Sale, pepe, e un weekend da chef!


di Francesca Valassi

 

“Perfino io sono capace di friggere una bistecca, e mi ci misi di gusto. Che gioia inalare il profumo del burro fuso, sentire il melodioso sfrigolio del manzo che cuoce. Rivoltai le bistecche nel loro sugo. Le cosparsi appena di sale. Mi venne perfino l'ispirazione di schiacciare uno spicchio d'aglio, usando il mortaio di Harry. Forse c'era davvero qualcosa di un po' Zen in questa faccenda della cucina. In breve, sentii ciò che provava Harry quando sapeva che un piatto sarebbe stato perfetto, quando lo portava in tavola con occhi lucenti.”

Kay-Marie James, Le maniglie dell'amore, Milano, Salani, 2004

 

Se qualche veggente mi avesse rivelato, leggendomi la mano, che un giorno avrei indossato una bella divisa da chef e che avrei cucinato per un weekend in un noto ristorante, assieme ad un bravo maestro, beh…mi sarebbe scappata una sonora risata! Chi mai avrebbe avuto così poco sale in zucca da dare credito a una che, come me, ha scoperto una grande passione per la cucina ma che ha studiato per diventare avvocato? Certo, mai piangere sul latte versato:  eppure, anche se sulla mia mano nessuna strega ha mai posato gli occhi, in quella cucina mi ci sono ritrovata sul serio, e lo testimonia la piccola cicatrice sul pollice (che ancora osservo compiaciuta!) procuratami mentre tagliavo le albicocche per il dessert.

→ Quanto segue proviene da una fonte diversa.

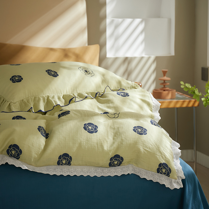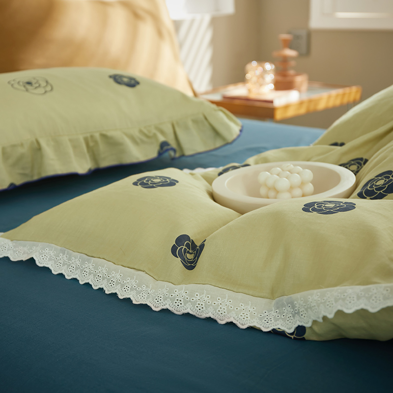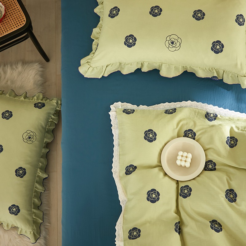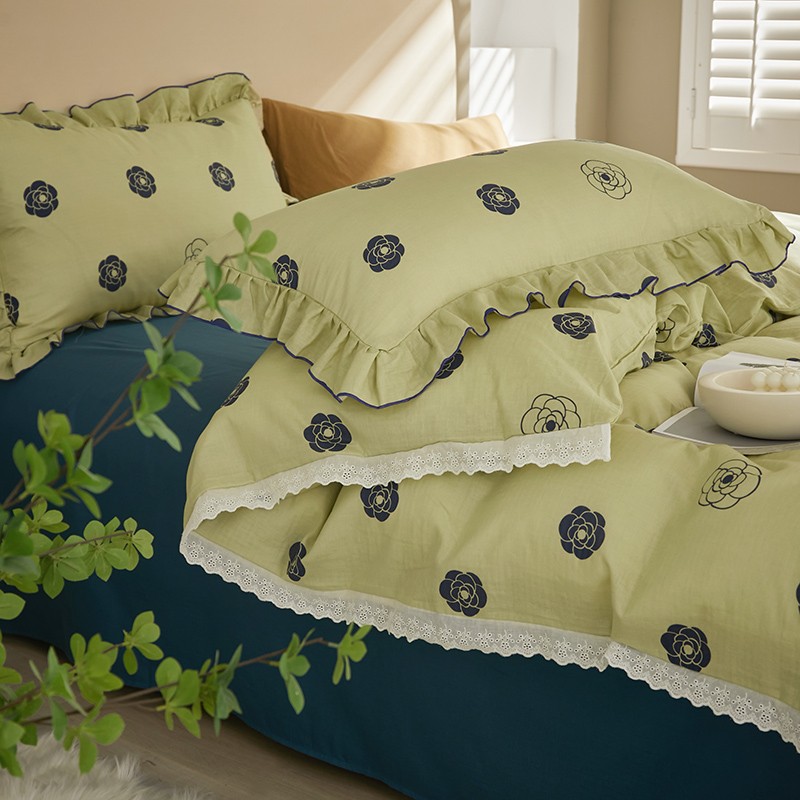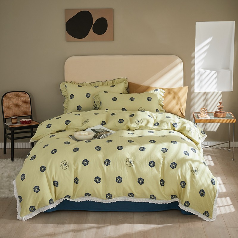 怡家居 2022新款全棉A类双层纱韩版四件套 山茶花
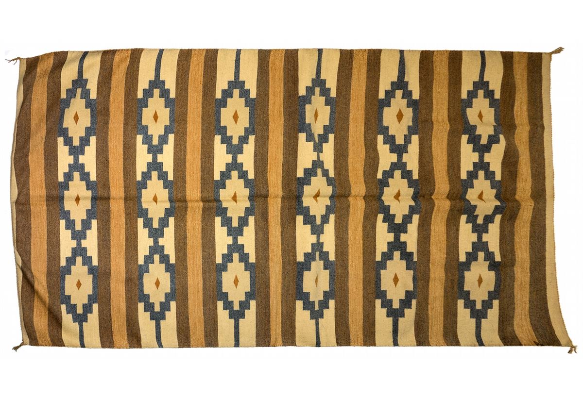 Measures approx. 78" x 56". This regional Navajo Rug style is named for the town of Chinle (It flows from the canyon.) at the mouth of Canyon de Chelly. The Chinle style was developed by Mary Cabot Wheelwright and Cozy McSparron, a trader at Chinle. They sought to revive weaving using classic period designs with vegetal dyes. The Chinle characteristics are horizontal bands containing Chevrons, Chinle Stars, Squash Blossoms and Diamonds in muted colors of gold, green, tan, ivory and pink. Trader Leon H. (Cozy) McSparron is responsible for the Chinle style rug. His experiments with dyes both vegetal, and commercial, provided impetus to his weavers to revive the simple stripes and bands of the Early Classic Period, (1700-1850). The modern Chinle rug has maintained the McSparron suggestion and today reflects the combination of both vegetal and aniline dyes. It is generally considered; however, that the contemporary Chinle is basically vegetal. Commercial dyes are used sparingly to outline or accentuate the smaller designs. The borderless rug has a spacious feeling with small terraced designs and squash blossoms encased in broad bands. Some of the intervening stripes use the Crystal "wavy line" techniques. The weavers in the district create an attractive rug of pleasant balance. Natural white wool usually provides the background, with less used shades of vegetal-dyed green, brown, and gray. Rose colors and yellows are favorites, along with aniline black to denote outlines and termination panels at the ends. The rug is distinctive and well-woven. Some pieces must be closely examined to distinguish them from a Crystal or Wide Ruins. One of the keys is the color utilization, part vegetal and part aniline. Also, the weave is somewhat heavier than its all-vegetal neighbors.
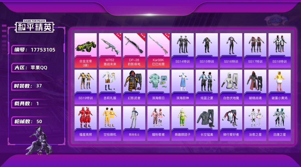 [17753105]苹果 手Q-0粉装-3特效枪-1载具-1粉色飞行器-17367热力值-11王牌印记-37套装-50枪皮【粉色枪皮等级】:M762-激战未来(七级),Kar98K-巳巳如意(四级),DP-28-豹影疾电(五级)【粉色载具】:合金龙骨(绿)【粉色枪皮】:M762-激战未来,Kar98K-巳巳如意,DP-28-豹影疾电【粉色飞行器】:激战未来飞行器
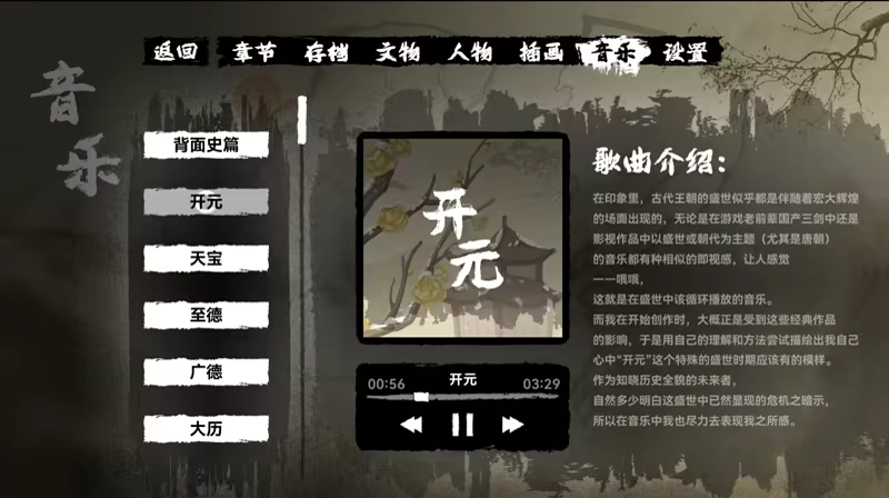 游戏配乐以唐王朝各年号所代表的时代氛围为线索,融合中原与西域的传统乐器,并以现代电子音乐加以点缀,展现出盛世之下暗藏危机的历史张力。我们尝试用旋律讲述历史,以音色表达感情,构建出恢宏大气又细腻动人的听觉体验。
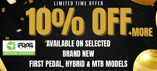 Save 10% off RRP on selected First Pedal, Hybrid & MTB models (while stock lasts).
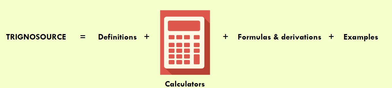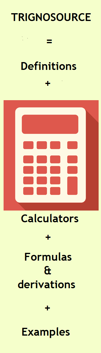 The calculators on TRIGNOSOURCE aren't just calculators. For every topic, TRIGNOSOURCE gives you definitions, detailed explanation of concepts, formulas and their derivations and numerous example problems to clearly understand and learn any concept in detail.
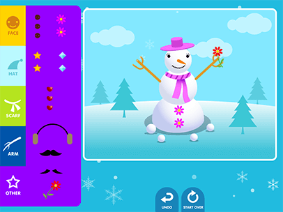 Fun for all ages! Children click and drag different shapes to make a snowman. Kindergarten to second grade students learn and practice valuable mouse manipulation techniques. Have Fun!
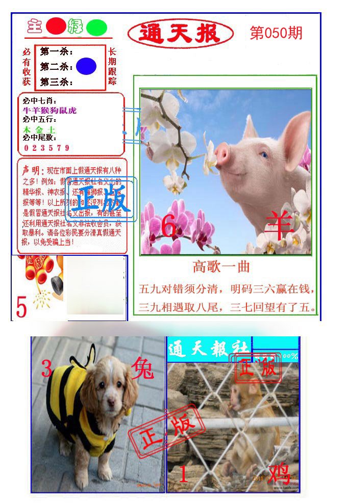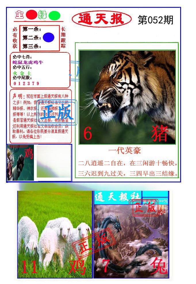 | 052期: ⑥肖 | 羊猪鸡龙牛兔 | 鸡34中 |

Ancora ripenso a quella sera di fine maggio a casa, mentre durante i miei soliti orari notturni e improponibili sfornavo i biscotti per la colazione, e nel frattempo chiacchieravo via chat con Marco  - amico, proprietario e chef del ristorante La Crusa dal Ga”, a Bellinzago Novarese.

“Ti va di cucinare nel mio ristorante assieme a me, per un weekend?”  esordì all’improvviso. Rimasi così incredula a fissare sullo schermo quelle parole, che quasi mi dimenticai i biscotti nel forno acceso. “Decidiamo assieme un menù tematico, e lo proponiamo per una cena, indicativamente verso fine giugno!” proseguì.

Non riuscii a trattenere l’entusiasmo: finalmente avrei potuto vivere una vera esperienza da cuoca e  preparato manicaretti per ospiti misteriosi (non me ne vogliano a male i miei genitori e i miei fratelli, ma l’ansia da prestazione non sarebbe stata esattamente la stessa, rispetto a quando spadello sui fornelli di casa per bocche fameliche che divorano senza pietà ogni cosa che si configura come commestibile).

Ma soprattutto, avrei trascorso ben due giorni con uno chef professionista come Marco, che di esperienza e bravura ne ha da vendere! E’ così iniziato un impaziente conto alla rovescia, scandito da “meeting on line”, rigorosamente notturni, tra me e Marco per decidere i piatti da proporre.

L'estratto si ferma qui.